§ **YOUR TASK**
The required output is the exact run of lines from the one bearing "Un trabajador decora" through the final line of the listing below, with the pictures removed.

§ **GIVEN INFORMATION**
_ _ _ _

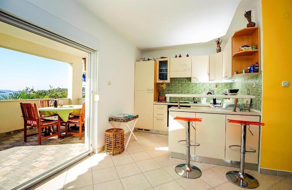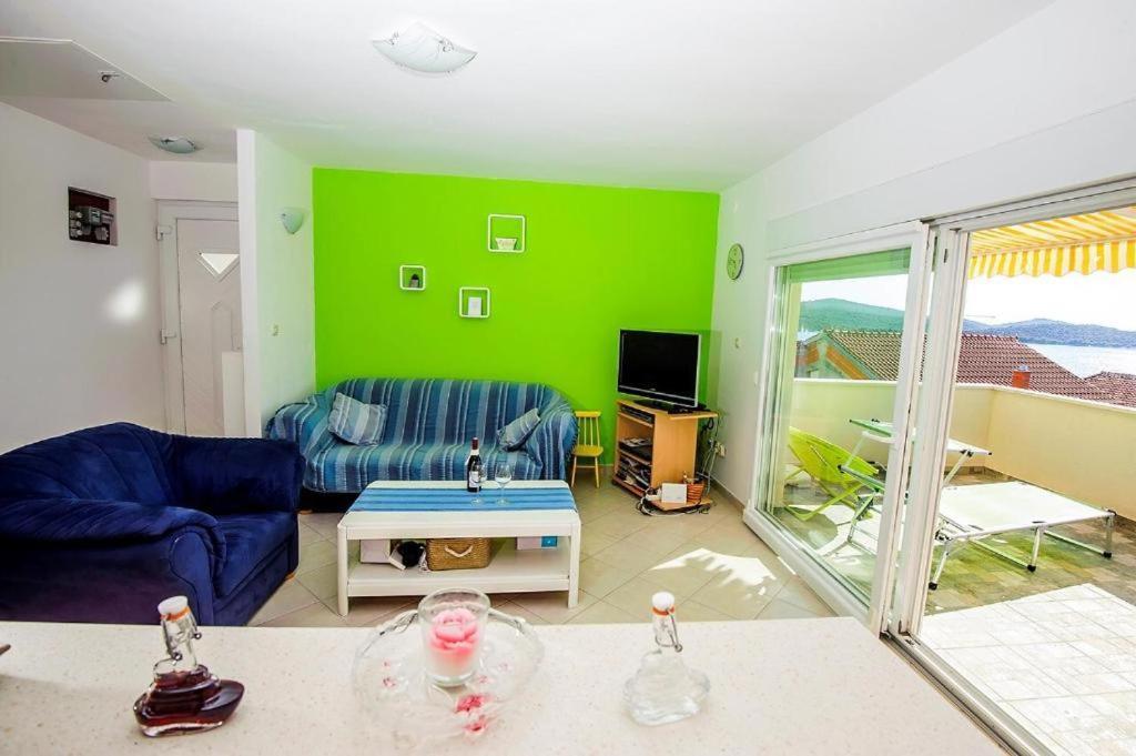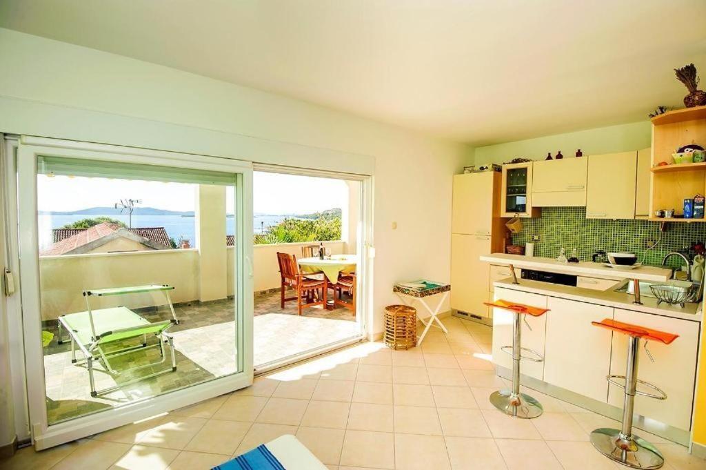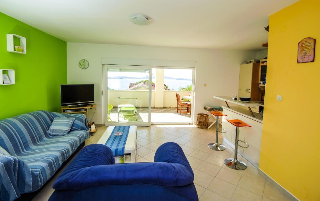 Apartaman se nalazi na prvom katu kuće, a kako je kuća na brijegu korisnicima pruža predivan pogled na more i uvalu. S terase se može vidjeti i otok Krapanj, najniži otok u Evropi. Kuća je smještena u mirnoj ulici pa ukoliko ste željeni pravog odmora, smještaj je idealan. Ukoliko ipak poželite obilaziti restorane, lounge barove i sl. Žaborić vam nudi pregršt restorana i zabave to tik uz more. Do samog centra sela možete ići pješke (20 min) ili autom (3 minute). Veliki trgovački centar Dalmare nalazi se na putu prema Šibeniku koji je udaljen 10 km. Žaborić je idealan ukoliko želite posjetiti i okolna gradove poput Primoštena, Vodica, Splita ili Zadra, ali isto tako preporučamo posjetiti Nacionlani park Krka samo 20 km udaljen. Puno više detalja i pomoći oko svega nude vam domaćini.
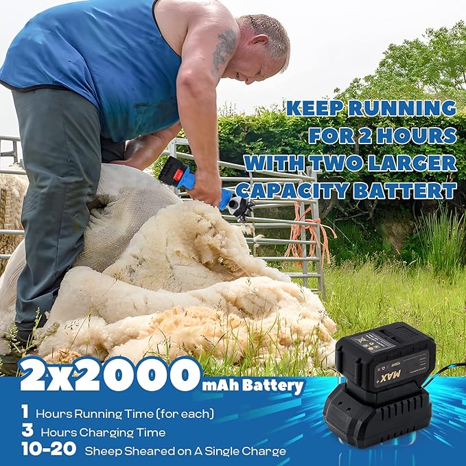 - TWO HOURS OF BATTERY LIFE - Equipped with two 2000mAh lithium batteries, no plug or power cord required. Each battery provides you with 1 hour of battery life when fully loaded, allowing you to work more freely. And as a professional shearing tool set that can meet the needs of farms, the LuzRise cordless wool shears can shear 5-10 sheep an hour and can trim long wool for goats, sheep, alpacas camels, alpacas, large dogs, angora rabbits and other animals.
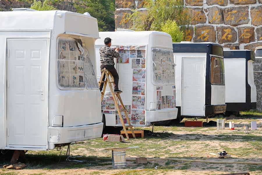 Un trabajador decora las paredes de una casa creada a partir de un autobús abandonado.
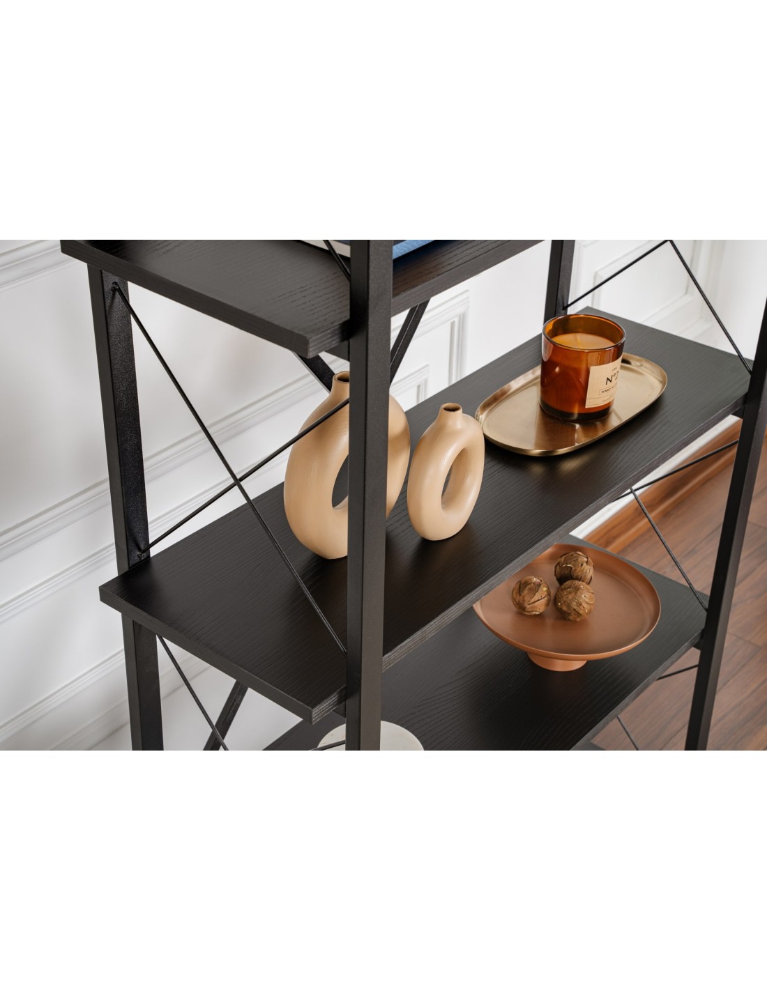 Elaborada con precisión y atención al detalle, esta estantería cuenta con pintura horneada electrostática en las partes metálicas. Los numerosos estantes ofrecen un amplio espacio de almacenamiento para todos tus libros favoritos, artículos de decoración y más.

_ _ _ _

§ **TASK ANSWER**
 Un trabajador decora las paredes de una casa creada a partir de un autobús abandonado.
 Elaborada con precisión y atención al detalle, esta estantería cuenta con pintura horneada electrostática en las partes metálicas. Los numerosos estantes ofrecen un amplio espacio de almacenamiento para todos tus libros favoritos, artículos de decoración y más.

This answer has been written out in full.